The pendulum swings relentlessly. A common theme is emerging after talking to many customers: they are once again asking for an integrated and simplified data platform, without having to stitch multiple disparate software products. Call it a hangover from the drunkenness of Modern Data Stack. The integrated data platform is also core to enterprise architecture for achieving intelligent data applications beyond traditional analytics.

However, there is a twist to this — interoperability. To better prepare for pendulum swings, users want their platform to adopt open standards so that there is some semblance of future-proofing.

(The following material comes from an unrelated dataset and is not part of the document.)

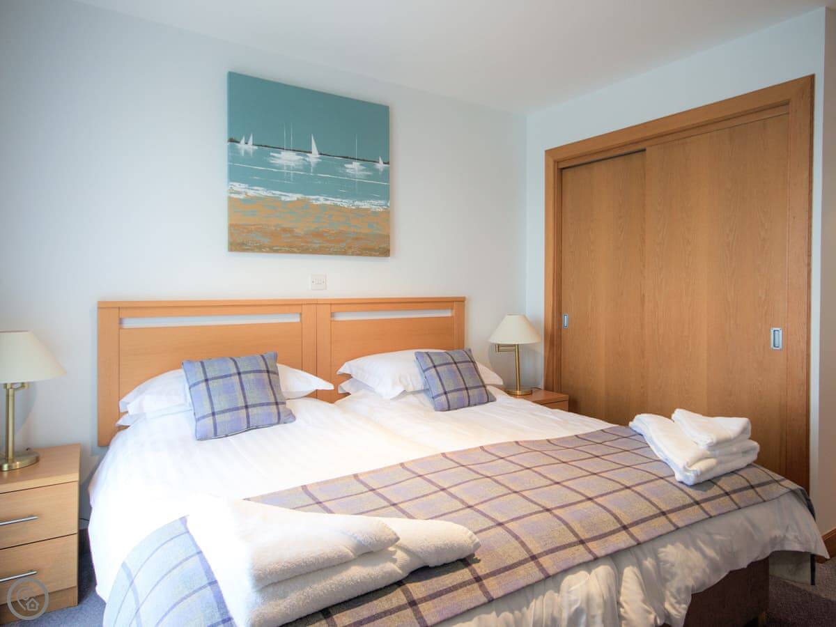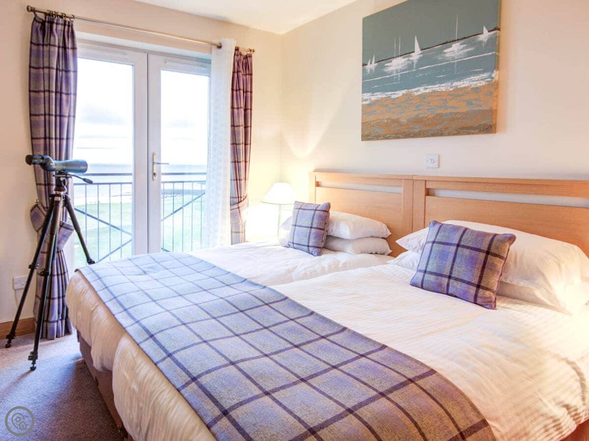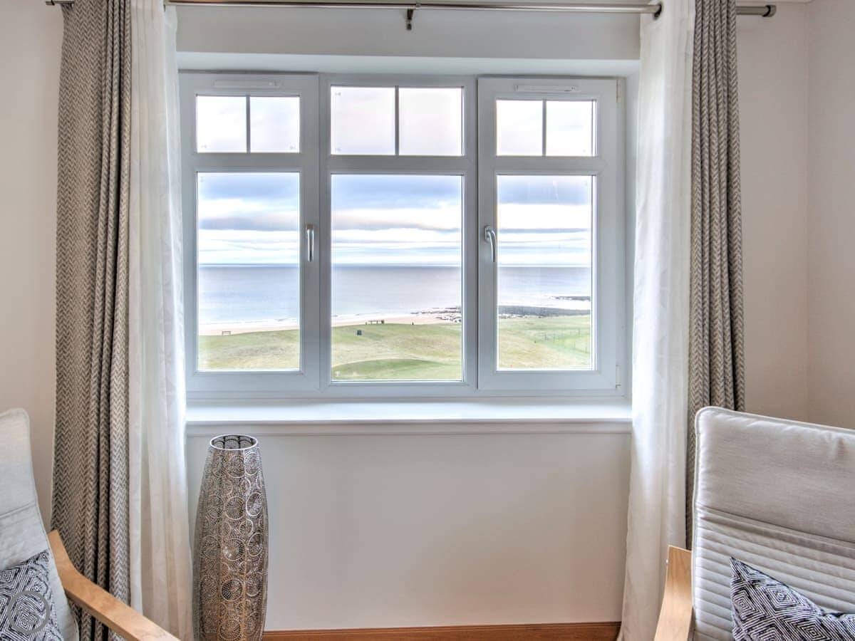This two-bedroom second-floor property boasts an open plan kitchen/living/dining room with ample space to relax in. Each bedroom has two single beds and an en-suite, perfect for a golfing getaway. The two Juliet windows allow you to feel the full effects of the fresh Highland air while enjoying the view of the 1st and 18th hole.
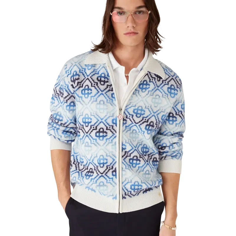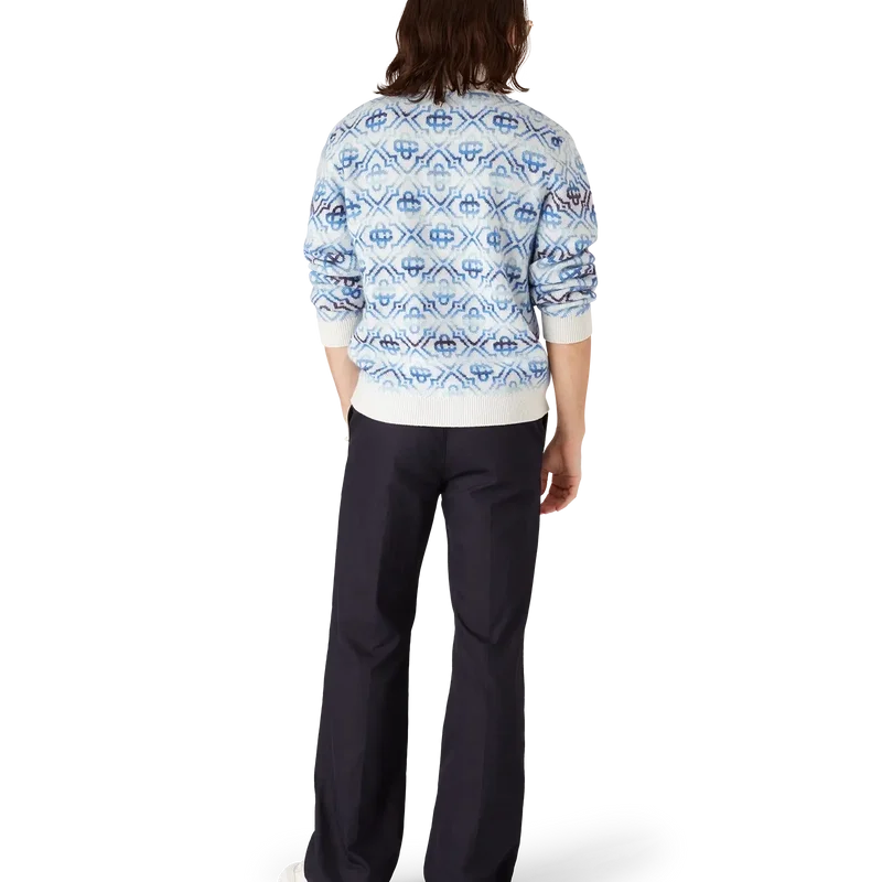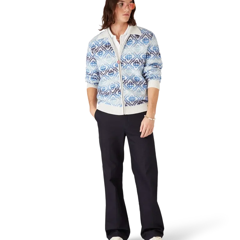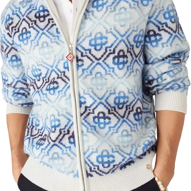 Der Space Dye Monogram Langarm-Cardigan aus Merinowolle ist ein raffiniertes Strickdesign mit dem charakteristischen Monogramm des Hauses in einem blauen Farbverlauf, gefertigt aus Space-Dye-Garnen, die Tiefe und Dimension erzeugen. Abgerundet durch einen Reißverschluss mit dem charakteristischen Diamond Monogram-Reißverschlusszug des Hauses sowie gerippten Details an Kragen, Ärmelbündchen und Saum.

Snowflake Summit 2024 reflected this sentiment as it showcased its deep commitment to data and AI. The key highlights are:

  1. Snowflake is expanding its appeal beyond the core data analyst persona. In the last few years, it added app development capabilities. Now, it’s adding more data science, operational, and governance features through conversational interfaces.
  2. Snowflake is not only going wider, but it is also adding capabilities vertically. This includes more foundational capabilities that are starting to encroach into its ecosystem. However, the ecosystem is so large, we can expect it to grow even further. Some vendors are delighted as their category is now getting elevated by increased focus from Snowflake, like DataOps.
  3. While Snowflake is expanding the platform capabilities beyond the core data platform for analysts, there is a gap between market perception and its messaging and positioning. The market still perceives Snowflake as being behind in data science and at higher cost, although it has made positive strides in both directions.

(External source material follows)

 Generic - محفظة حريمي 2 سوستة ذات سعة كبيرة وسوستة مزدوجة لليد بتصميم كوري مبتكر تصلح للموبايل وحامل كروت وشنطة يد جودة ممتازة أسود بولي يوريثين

In this document, we examine key announcements and its impact on customers and the industry. Like the 2023 Snowflake Summit blog, this document does not specify the latest availability status (private preview, public preview, or general availability) of the new announcements.

Data Management

Snowflake’s north star is that they handle both structured and unstructured data, with discovery and governance, and at the most optimal cost performance. The latter is handled through Document AI which provides a workflow to parse PDFs. This technology is based on the August 2022 acquisition of Poland-based Applica and has been enhanced by Snowflake’s Arctic LLMs. In fact, it uses Arctic TILT — a mere 0.8B parameter model with very high benchmark rating. More on the Arctic LLMs later in the document.

Managed Iceberg Tables went GA at the Summit. They are optimized to have comparable performance as native tables. However, this year Snowflake also announced the ability to use any compute analytical engine that supports the Iceberg format.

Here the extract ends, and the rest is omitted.